Partial rings (arcs) - useful for amphitheatres, balconies, and crescent moons - take a ring and mask off the parts you do not want. Most Minecraft mapping tools have an //arc or //sphere command that handles this with two angle parameters; building by hand means generating the full ring and removing blocks by sector.
Concentric circles (multiple rings of increasing radius around a common centre) are used for clock faces, mandala patterns, and large mosaic floors. Generate each ring separately and stack them - or use a filled disc with rings of different-coloured blocks for a mosaic effect.
Common build mistakes
Using a tiny diameter for a hollow tower. A diameter-5 hollow ring leaves no usable interior - it is a single-block-thick wall around a 3×3 floor. For walk-in towers, diameter 11 is the minimum for a comfortable interior; 15 is better.

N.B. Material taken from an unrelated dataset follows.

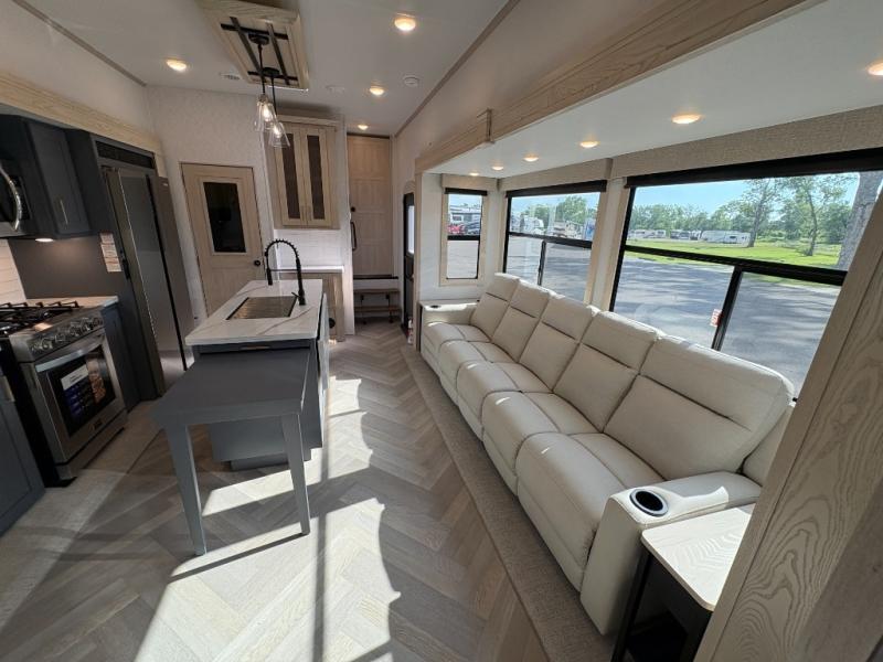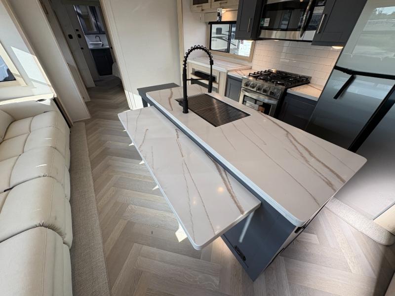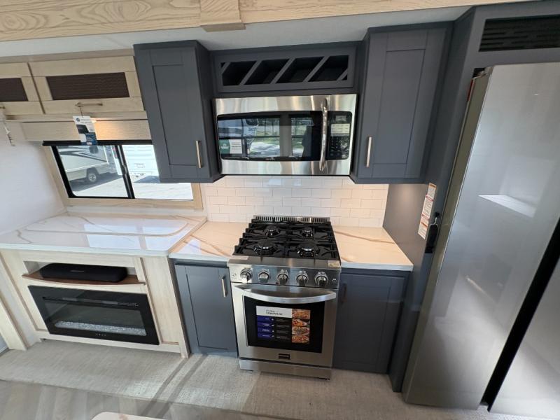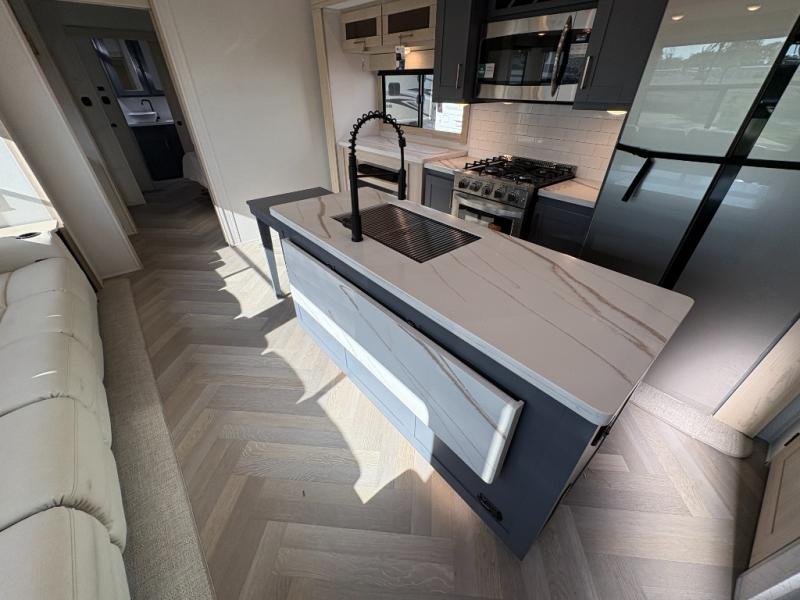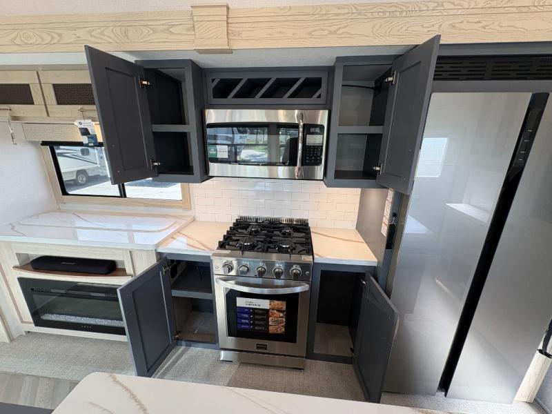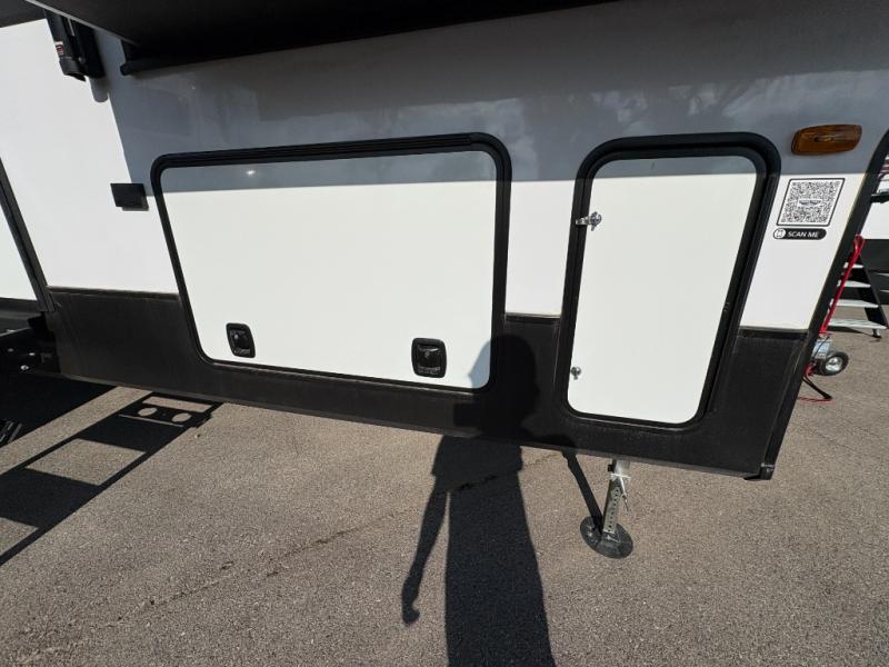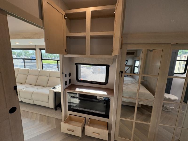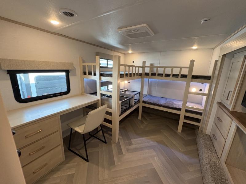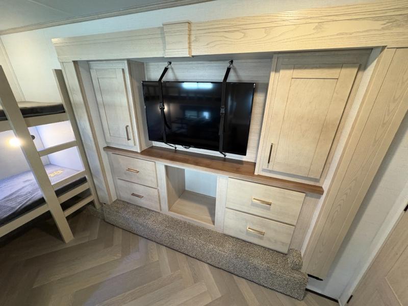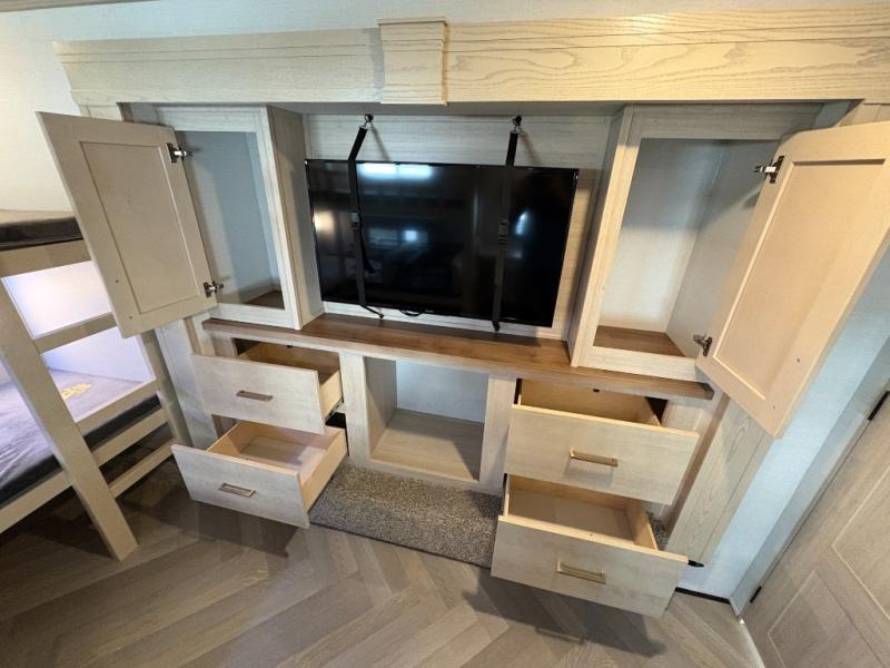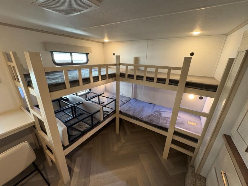 Camping with friends and family just got easier in this spacious fifth wheel that can sleep eight each night. There is a full rear bath, complete with dual bath sinks, a linen closet, plus a second linen closet with washer/dryer prep for added convenience. The half bath is in the front bunkhouse suite, where your guest will also enjoy four bunk beds, a 40" TV, a large wardrobe, plus a desk if they need to get some work done. The combined middle kitchen and living area includes a kitchen island with a flip-up countertop and a hidden dinette the chef of your group is sure to love, plus there is a large pantry for food, a hutch to store nice dishes, and a 16 cu. ft. French door 12V refrigerator for perishables. And everyone will love relaxing on the large sofa across from the pop-up LED Smart TV and fireplace!
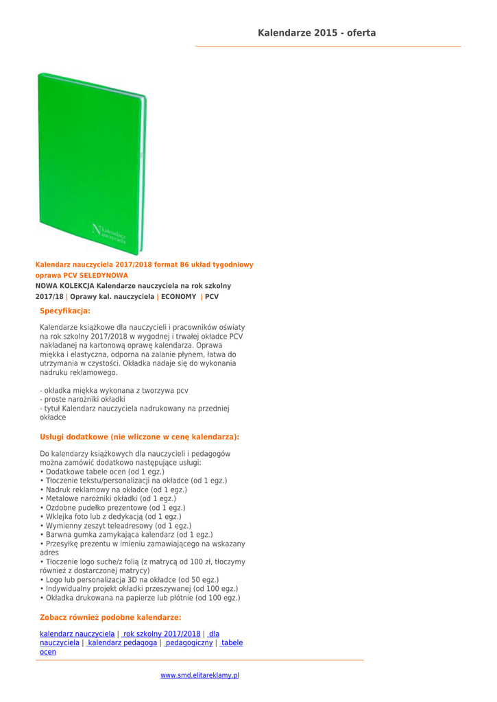 Kalendarze 2015 - oferta Kalendarz nauczyciela 2017/2018 format B6 układ tygodniowy oprawa PCV SELEDYNOWA NOWA KOLEKCJA Kalendarze nauczyciela na rok szkolny 2017/18 | Oprawy kal. nauczyciela | ECONOMY | PCV Specyfikacja: Kalendarze książkowe dla nauczycieli i pracowników oświaty na rok szkolny 2017/2018 w wygodnej i trwałej okładce PCV nakładanej na kartonową oprawę kalendarza. Oprawa miękka i elastyczna, odporna na zalanie płynem, łatwa do utrzymania w czystości. Okładka nadaje się do wykonania nadruku reklamowego. - okładka miękka wykonana z tworzywa pcv - proste narożniki okładki - tytuł Kalendarz nauczyciela nadrukowany na przedniej okładce Usługi dodatkowe (nie wliczone w cenę kalendarza): Do kalendarzy książkowych dla nauczycieli i pedagogów można zamówić dodatkowo następujące usługi: • Dodatkowe tabele ocen (od 1 egz.) • Tłoczenie tekstu/personalizacji na okładce (od 1 egz.) • Nadruk reklamowy na okładce (od 1 egz.) • Metalowe narożniki okładki (od 1 egz.) • Ozdobne pudełko prezentowe (od 1 egz.) • Wklejka foto lub z dedykacją (od 1 egz.) • Wymienny zeszyt teleadresowy (od 1 egz.) • Barwna gumka zamykająca kalendarz (od 1 egz.) • Przesyłkę prezentu w imieniu zamawiającego na wskazany adres • Tłoczenie logo suche/z folią (z matrycą od 100 zł, tłoczymy również z dostarczonej matrycy) • Logo lub personalizacja 3D na okładce (od 50 egz.) • Indywidualny projekt okładki przeszywanej (od 100 egz.) • Okładka drukowana na papierze lub płótnie (od 100 egz.) Zobacz również podobne kalendarze: kalendarz nauczyciela | rok szkolny 2017/2018 | dla nauczyciela | kalendarz pedagoga | pedagogiczny | tabele ocen www.smd.elitareklamy.pl Kalendarze 2015 - oferta www.smd.elitareklamy.pl Kalendarz nauczyciela 2017/2018 format B6 układ tygodniowy Kalendarz nauczyciela 2017/2018 format B6 układ tygodniowy Kalendarz nauczyciela 2017/2018 format B6 układ tygodniowy Specyfikacja: Kalendarz nauczyciela: Specyfikacja: Kalendarz nauczyciela: Specyfikacja: Kalendarz nauczyciela: Objętość: 176 stron Papier biały 70g Wymiary bloku: Format B6 – kartki o wym. 112 x 158 mm Objętość: 176 stron Papier biały 70g Wymiary bloku: Format B6 – kartki o wym. 112 x 158 mm Objętość: 176 stron Papier biały 70g Wymiary bloku: Format B6 – kartki o wym. 112 x 158 mm Dodatek informacyjny dla nauczyciela zawiera tabele: - miejsce na wpisanie danych personalnych - organizacja roku szkolnego 2017/2018 - tabela - terminy posiedzeń Rady Pedagogicznej - tabela - ważne terminy - tabela - wycieczki, wyjazdy, imprezy tabela - zebrania z rodzicami - tabela - plan lekcji nauczyciela na I i II semestr - tabela - plan dyżurów nauczyciela na I i II semestr - tabela - informacje o uczniach - 2 tabele - finanse klasowe – 2 tabele - tabele ocen na I i II semestr – 3 tabele - istnieje możliwość dodania dodatkowych tabel ocen Dodatek informacyjny dla nauczyciela zawiera tabele: - miejsce na wpisanie danych personalnych - organizacja roku szkolnego 2017/2018 - tabela - terminy posiedzeń Rady Pedagogicznej - tabela - ważne terminy - tabela - wycieczki, wyjazdy, imprezy tabela - zebrania z rodzicami - tabela - plan lekcji nauczyciela na I i II semestr - tabela - plan dyżurów nauczyciela na I i II semestr - tabela - informacje o uczniach - 2 tabele - finanse klasowe – 2 tabele - tabele ocen na I i II semestr – 3 tabele - istnieje możliwość dodania dodatkowych tabel ocen Dodatek informacyjny dla nauczyciela zawiera tabele: - miejsce na wpisanie danych personalnych - organizacja roku szkolnego 2017/2018 - tabela - terminy posiedzeń Rady Pedagogicznej - tabela - ważne terminy - tabela - wycieczki, wyjazdy, imprezy tabela - zebrania z rodzicami - tabela - plan lekcji nauczyciela na I i II semestr - tabela - plan dyżurów nauczyciela na I i II semestr - tabela - informacje o uczniach - 2 tabele - finanse klasowe – 2 tabele - tabele ocen na I i II semestr – 3 tabele - istnieje możliwość dodania dodatkowych tabel ocen Kalendarium dla nauczyciela na rok szkolny 2017/2018 zawiera: - kalendarium w układzie tygodniowym od 27.06.2017 do 03.09.2018 - plan roku szkolnego 2017/2018 - skrócone kalendarium na rok 2017 - skrócone kalendarium na rok 2018 - na każdej karcie skrócone kalendarium bieżącego miesiąca Kalendarium dla nauczyciela na rok szkolny 2017/2018 zawiera: - kalendarium w układzie tygodniowym od 27.06.2017 do 03.09.2018 - plan roku szkolnego 2017/2018 - skrócone kalendarium na rok 2017 - skrócone kalendarium na rok 2018 - na każdej karcie skrócone kalendarium bieżącego miesiąca Kalendarium dla nauczyciela na rok szkolny 2017/2018 zawiera: - kalendarium w układzie tygodniowym od 27.06.2017 do 03.09.2018 - plan roku szkolnego 2017/2018 - skrócone kalendarium na rok 2017 - skrócone kalendarium na rok 2018 - na każdej karcie skrócone kalendarium bieżącego miesiąca Część informacyjna kalendarza dla nauczyciela zawiera: - alfabetyczny skorowidz teleadresowy - adresy Kuratoriów Oświaty - numery telefonów do komórek organizacyjnych MEN - numery telefonów do Ośrodka Rozwoju Edukacji - dni wolne od pracy w wybranych krajach - tabela świąt ruchomych - przeliczniki miar długości, odległości, prędkości i temperatury - przedrostki i symbole do tworzenia jednostek wielokrotnych i podwielokrotnych - jednostki podstawowe układu SI - formaty papieru - poprawne nakrycie stołu, naczynia do alkoholi - dobór win i napojów - wartości kaloryczne produktów - dzienne zapotrzebowanie kalorii - liczba spalanych kalorii - daty imienin, znaki zodiaku Część informacyjna kalendarza dla nauczyciela zawiera: - alfabetyczny skorowidz teleadresowy - adresy Kuratoriów Oświaty - numery telefonów do komórek organizacyjnych MEN - numery telefonów do Ośrodka Rozwoju Edukacji - dni wolne od pracy w wybranych krajach - tabela świąt ruchomych - przeliczniki miar długości, odległości, prędkości i temper

Assuming the algorithm gives 8-fold symmetry on every diameter. The midpoint algorithm is 8-symmetric, but at small diameters the result can look 4-symmetric instead because half the symmetry pixels coincide. The asymmetry only emerges from diameter 9 upward.
Stacking identical circles for a "sphere." A cylinder of stacked identical circles is not a sphere - it is a cylinder. The layer diameters must shrink with distance from the equator using r_y = √(R² − y²). The generator above does one layer; for a full sphere, use a sphere generator or WorldEdit's //sphere command.
Counting blocks by the formula πr². The continuous-circle area formula is a good estimate but not the exact count. Rasterization can produce slightly more or fewer cells depending on whether the radius lands cleanly on a half-integer. The generator's reported count is exact; the formula's value is within a few percent for any practical diameter.